- Opening Delimiter -

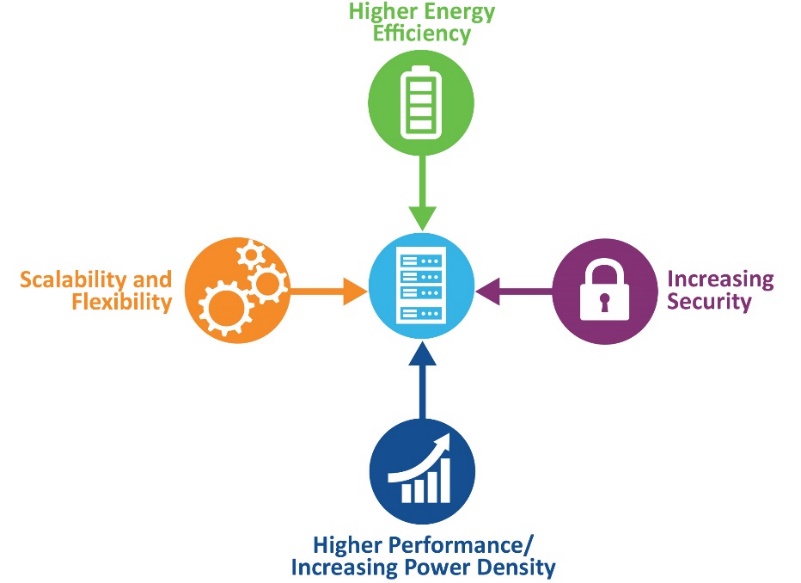 As power densities increase, delivering more power within the same or smaller physical footprint becomes a top priority. Traditional power supply units (PSUs) and air-cooling methods are reaching their operational limits, as higher power densities generate more heat and increase the risk of energy losses through inefficiency. Inefficient power conversion not only raises operational costs but also contributes to a larger carbon footprint, which is increasingly scrutinized by regulators and customers alike. Effective thermal management is essential to prevent overheating, maintain system reliability, and extend the lifespan of critical components. Data centers must find ways to maximize efficiency and manage heat dissipation, all while minimizing environmental impact and meeting sustainability goals.
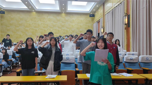 習(xí)近平總書記在慶祝中國共產(chǎn)主義青年團成立100周年大會上曾說:“青春孕育無限希望,青年創(chuàng)造美好明天。一個民族只有寄望青春、永葆青春,才能興旺發(fā)達。”5月25日,2022年上期嘉禾縣珠泉中學(xué)新團員入團儀式在報告廳隆重舉行,本期共有40名同學(xué)加入團組織。
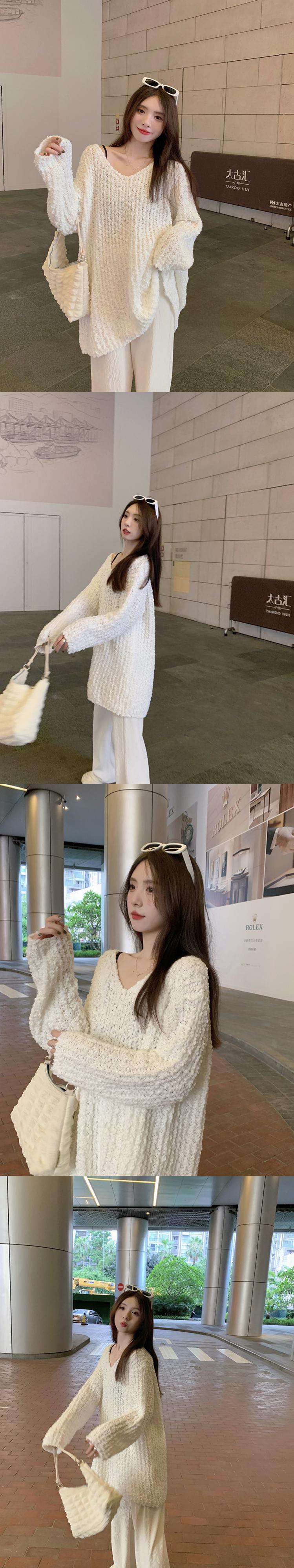 ルーズVネックプルオーバー セーター オータムニットトップス 秋物 10/5 秋冬 オータム ウインター ナチュラル mi4653736190933
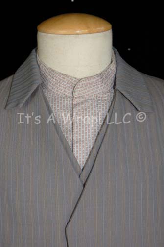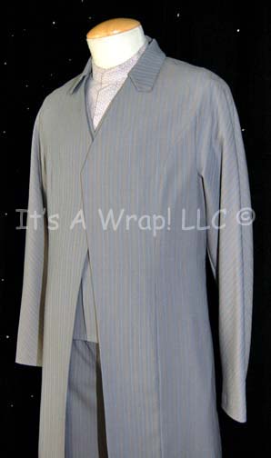 Description: A costume featured in the Star Trek: Voyager episode “Ex Post Facto”, wherein “Tom Paris” (Robert Duncan McNeil) is convicted of murder but denies the charge even though the victim's own memories seems to contradict him. The costume is for wear by Ray Reinhardt in the role of the Banean physicist who was reputedly murdered by “Tom Paris”, “Tolen Ren”; it consists of two long-sleeved button-down shirts featuring a red “x” pattern and blue stripes, a gray, pinstripe suit jacket with a short collar, that buttons down halfway, a pair of corresponding overall style trousers, a matching vest, and a pair of gray socks. The jacket, one of the trousers, a shirt, and vest were reused in the Star Trek: Enterprise episode “Doctor’s Orders” and have a sewn in Enterprise tag that reads ‘David Kimball #13’. A sewn in Voyager tag in the other trousers reads ‘Voyager, Ray Reinhardt’; one costumer’s tag reads ‘108 Ex Post Facto, Tolen Ren, Ray Reinhardt’ and a second ‘Enterprise #013 Dear Doctor, Esaak, David Kimball’.

- Closing Delimiter -

» **What the task asks**:
Transcribe the lines that run from the line bearing "ルーズVネックプルオーバー セーター オータムニットトップス" through the last line of the data. Keep the wording exact and leave out every picture.

» **Exercise response**:
 ルーズVネックプルオーバー セーター オータムニットトップス 秋物 10/5 秋冬 オータム ウインター ナチュラル mi4653736190933
 Description: A costume featured in the Star Trek: Voyager episode “Ex Post Facto”, wherein “Tom Paris” (Robert Duncan McNeil) is convicted of murder but denies the charge even though the victim's own memories seems to contradict him. The costume is for wear by Ray Reinhardt in the role of the Banean physicist who was reputedly murdered by “Tom Paris”, “Tolen Ren”; it consists of two long-sleeved button-down shirts featuring a red “x” pattern and blue stripes, a gray, pinstripe suit jacket with a short collar, that buttons down halfway, a pair of corresponding overall style trousers, a matching vest, and a pair of gray socks. The jacket, one of the trousers, a shirt, and vest were reused in the Star Trek: Enterprise episode “Doctor’s Orders” and have a sewn in Enterprise tag that reads ‘David Kimball #13’. A sewn in Voyager tag in the other trousers reads ‘Voyager, Ray Reinhardt’; one costumer’s tag reads ‘108 Ex Post Facto, Tolen Ren, Ray Reinhardt’ and a second ‘Enterprise #013 Dear Doctor, Esaak, David Kimball’.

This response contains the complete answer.